Owners can be gushers. Take, for instance, the principal check writer for the Celtics, Wyc Grousbeck. Yesterday, he went on the radio, as he is inclined to do these days because no one seems to notice there's an NBA team in town. In the course of his conversation on ESPN Radio, Grousbeck offered that Paul Pierce was one of the top five players in the game.
Hmm. Maybe that's why the Celtics can't get no pub.
Anyway, I ran into him at the game later and asked him if he really thought it was true. Yes, he said, but what he really meant to say was that Pierce, the 2005 Paul Pierce we've seen for four games now, is one of the top five. I still disagreed. He admitted he might have overrated the lad.
After last night, well, all right, Pierce is not one of the top five players in the game. He's not even one of the top 10. But what he is and what he has become may be worth even more to the team he leads. For last night, when he had the ball as the clock wound down, and the Celtics trailing by 1, Pierce did something he almost never would have done in the last few years.
He passed the ball.
And, in so doing, Ricky Davis made the game-winner. Davis was immediately swallowed up by teammates and television cameras, but the zoom lenses and the spotlight should have been on No. 34. He made the play. Davis made the shot.
"I'm so proud of Paul on that last play," coach Doc Rivers said. "The guy who makes the shot deserves a lot of the credit, but the guy who makes the pass deserves more."
It's not as if Pierce was ordered to pass. He had the option to shoot. But the Grizzlies were all over him in a paparazzi-on-Madonna swarm, forcing him to the baseline. This was a play the Celtics had been practicing this week you may have noticed they do have a need to work on late-game situations and it depended on other guys doing things besides Pierce. Davis did what he was supposed to do and Pierce found him.
"It feels great just being able to make that play," Pierce said. "I wasn't going to force up a shot over three people with the clock winding down. I trust my teammates."
"I trust my teammates." When has Pierce ever said that? He's talked about mutual trust before. And if it's really true, that says so much more.
"He's been doing it every game, every practice, every exhibition game," marveled Danny Ainge. "And he hit the two big shots before the last play [a pair of 20-footers]. He's rebounding. He's doing the little things."
He's doing just about everything. (OK, the late-game free throws need work.)
Whatever doubts we may have had about Pierce's mind-set coming into this season have been erased by his play. He's been terrific. While Rivers may occasionally go overboard in the Unsolicited Praise Department, what we're seeing on the floor is Pierce at his absolute best. He is averaging 29.8 points a game while shooting 52.2 percent. He's leading the team in rebounding at 7.8 a game.

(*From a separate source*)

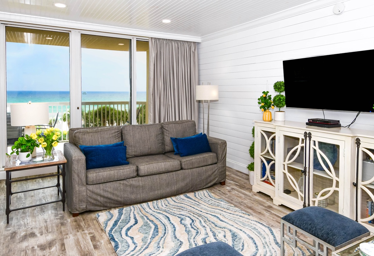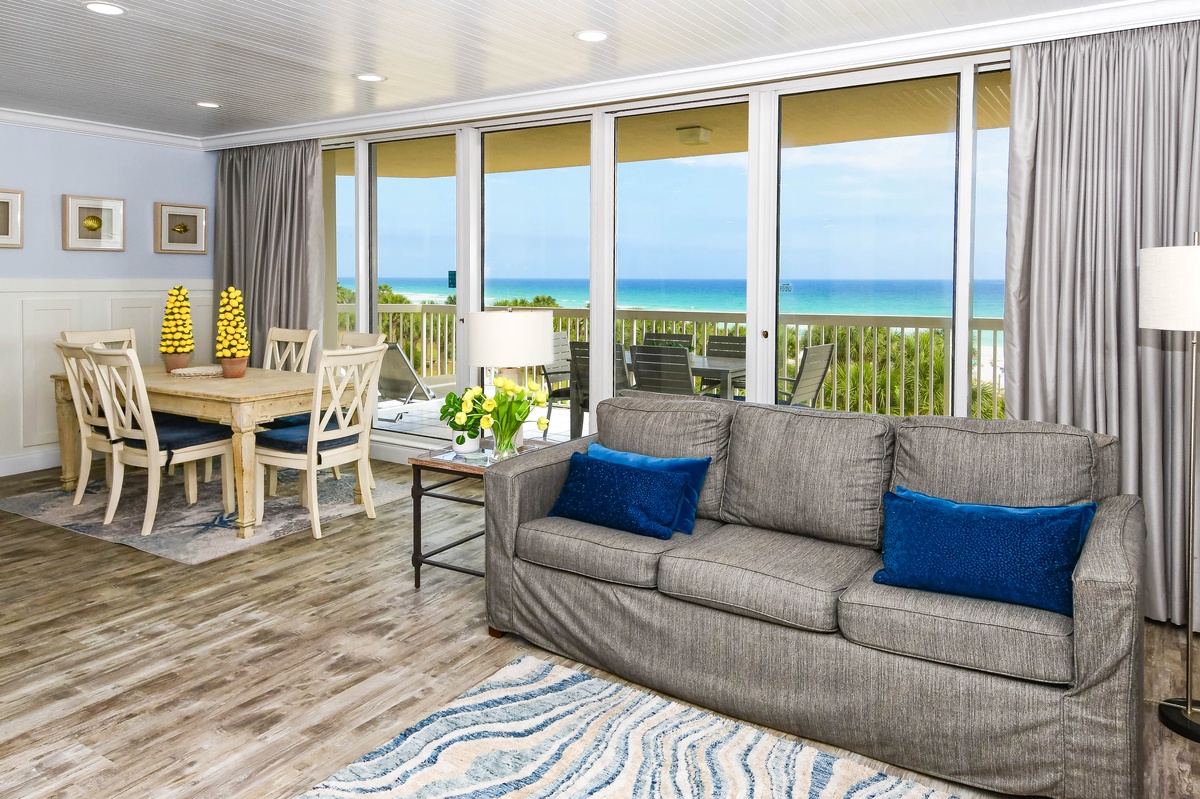 Welcome to Silver Shells St. Maarten 405, a beautifully appointed three-bedroom, three-bathroom beachfront condo located on the fourth floor of the highly sought-after Silver Shells Beach Resort in Destin, Florida. This spacious Gulf-front retreat offers breathtaking views of the Emerald Coast, private beach access, and complimentary seasonal beach service. Step out onto the beach-facing balcony, thoughtfully furnished with an outdoor dining table featuring seating for six, along with additional lounge chairs, perfect for relaxing or dining while taking in sweeping views of the sugar-white sand and emerald waters. Inside, the open-concept living, dining, and kitchen area is designed for gathering and unwinding. The beach-facing living room features floor-to-ceiling windows, sliding glass doors, comfortable seating, and a flat-screen TV. The dining area offers seating for six, with additional seating available at the breakfast bar. The newly redesigned, fully equipped kitchen includes stainless steel appliances and everything you need to prepare and enjoy meals during your stay. The serene primary suite offers incredible Gulf views, private balcony access, a king bed, a flat-screen TV, and a private en-suite bathroom. The spa-inspired primary bathroom features a freestanding soaking tub, a walk-in shower with multiple shower heads and a built-in bench, double vanity, and water closet. The first guest bedroom includes a king bed, flat-screen TV, private access to the north-facing balcony, and a private bathroom with a tiled walk-in shower. The second guest bedroom features two full beds and a flat-screen TV, with a full bathroom with a tiled walk-in shower located just steps from the bedroom and living area. For added convenience, this condo includes complimentary WiFi and an in-unit washer and dryer. Book your stay today and experience luxury beachfront living at Silver Shells St. Maarten 405.

He's averaging 4.3 assists. He's playing 41.8 minutes a game.
Last night, he had team-high 29 points on 9-of-13 shooting (including 3 for 3 in the fourth quarter.) He had seven rebounds, a team high. He had three steals, a team high. And he had a team-high eight assists, the eighth being the most memorable.
"A great player making a great play," saluted Mike Fratello, the Grizzlies' coach.
The conspiracy theorists around the league, and there are many, will see this as further evidence that theCeltics are deliberately slobbering over Pierce so he will have more value when they look to unload him at the trading deadline. Ainge is anything but a rank sentimentalist, but, honestly, who are you going to realistically get of equal value, right now, the way Pierce is playing?
Last June? Sure. After what we had witnessed in Indiana, Pierce for, say, Chris Paul, would have been a no-brainer. I can still remember the Globe advertising department being told that night (the NBA draft) to wait on the Celtics' ad that was going to run in the paper the next day. One of the ads had Pierce. One did not. In the end, Pierce stayed. He appears to have reached a detente with Rivers. He's playing his you-know-what off. He's trusting his teammates.
And he's doing all this while entering the prime of his career with only two years left on his contract after this season one, if you consider that the last season is his option and for a team that has no illusions about contending for a championship. It would view making the playoffs as a successful season. You would think Pierce might want a lot more than that.
So give him his props. Give him a loud shout-out. He may not be among the top five, or even the top 10, but he's showing himself to be a pretty valuable Celtic in more ways than one.